Is anyone else having issues attempting to stream to an ATV4K, or other TV streamer? Or is it just me?


----------



## B. Shoe (Apr 3, 2008)

UPDATE: Unsure what time it may have started functioning correctly, but the extreme late window of west coast preseason games were streaming properly to the ATV4K box. My last check was approximately 11:30PM CST. Short Cuts for previously concluded games were also accessible. The Sunday Ticket app on ATV4K to require a little more bandwidth than some of the other streaming apps, however.


----------



## the2130 (Dec 18, 2014)

Too bad DirecTV didn't send out an e-mail announcement until the day of the games. I didn't see the e-mail until it was too late. Not much of a test if nobody is watching. Great job, DirecTV, and thanks for nothing.


----------



## B. Shoe (Apr 3, 2008)

the2130 said:


> Too bad DirecTV didn't send out an e-mail announcement until the day of the games. I didn't see the e-mail until it was too late. Not much of a test if nobody is watching. Great job, DirecTV, and thanks for nothing.


They've been doing Week 4 preseason testing in the ST app for the past few years. You're not really missing much on Week 4 of preseason, anyway.


----------



## the2130 (Dec 18, 2014)

Yeah, week 4 is barely worth watching, but it still would be nice if they didn't wait until the day of the games to send out an e-mail.


----------



## billsharpe (Jan 25, 2007)

You have to be a diehard football fan to watch any meaningless preseason NFL games.
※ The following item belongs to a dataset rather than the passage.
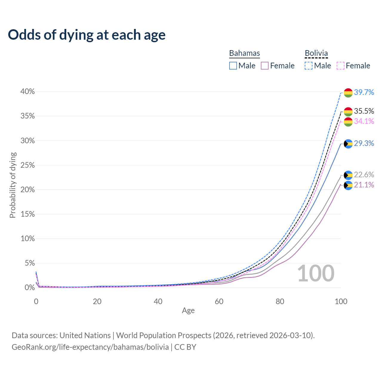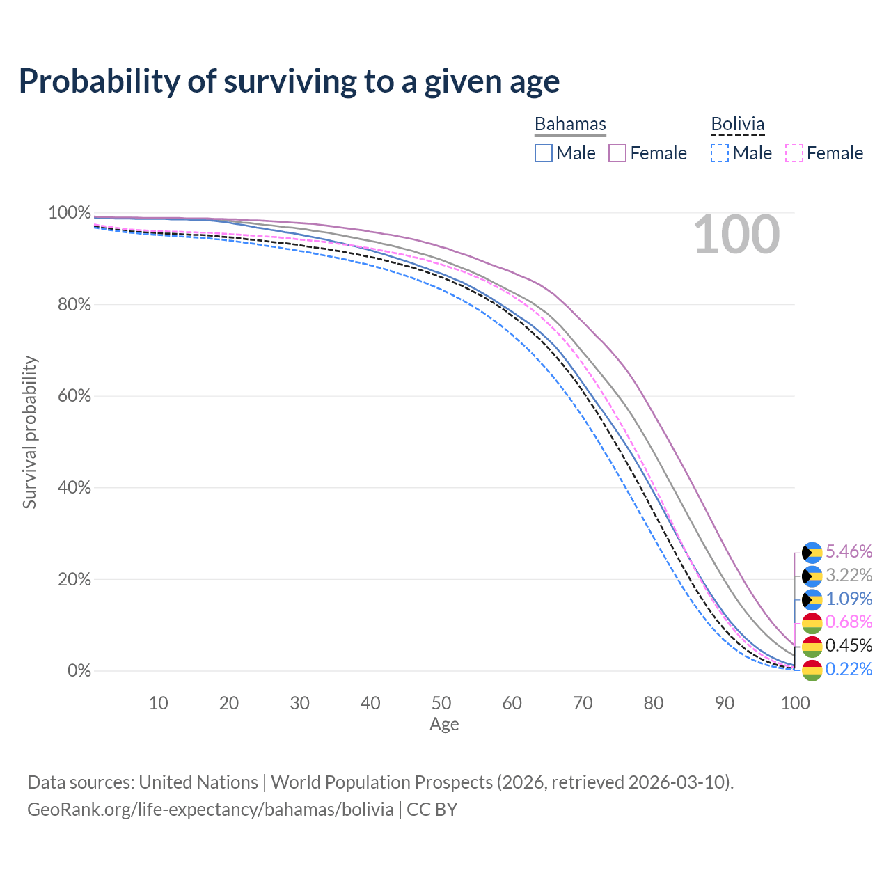 This life expectancy calculator shows the odds of living to 100, 95, 90, and below based on current age for both males and females in the Bahamas and Bolivia, along with mean and median age of death. The calculations are based on the 2026 life tables (actuarial tables) from the UN World Population Prospects.

From what I've read on the sports pages many starters either don't play or only play a few minutes in these games.


----------



## the2130 (Dec 18, 2014)

billsharpe said:


> You have to be a diehard football fan to watch any meaningless preseason NFL games. From what I've read on the sports pages many starters either don't play or only play a few minutes in these games.


Maybe, but people do watch them. The recent Sunday night Seattle @ Minnesota telecast got 5.3 million live viewers. People watch to see how draft picks perform and to watch players vying for roster spots. It's why people watch Hard Knocks.


----------



## B. Shoe (Apr 3, 2008)

the2130 said:


> Maybe, but people do watch them. The recent Sunday night Seattle @ Minnesota telecast got 5.3 million live viewers. People watch to see how draft picks perform and to watch players vying for roster spots. It's why people watch Hard Knocks.


I guess you have to simply look at this as a value added situation, for what it is. Sunday Ticket does not include preseason games. The Game Pass package does provide you access to those games. If live preseason games are important to you, that's where you should be.

Regardless of if/when we might have been notified, if an Apple TV box was my only means of accessing the games, it wasn't working until the late run of games. It's simply for testing, and if anything, they're only looking for you to watch to find bugs and errors.


----------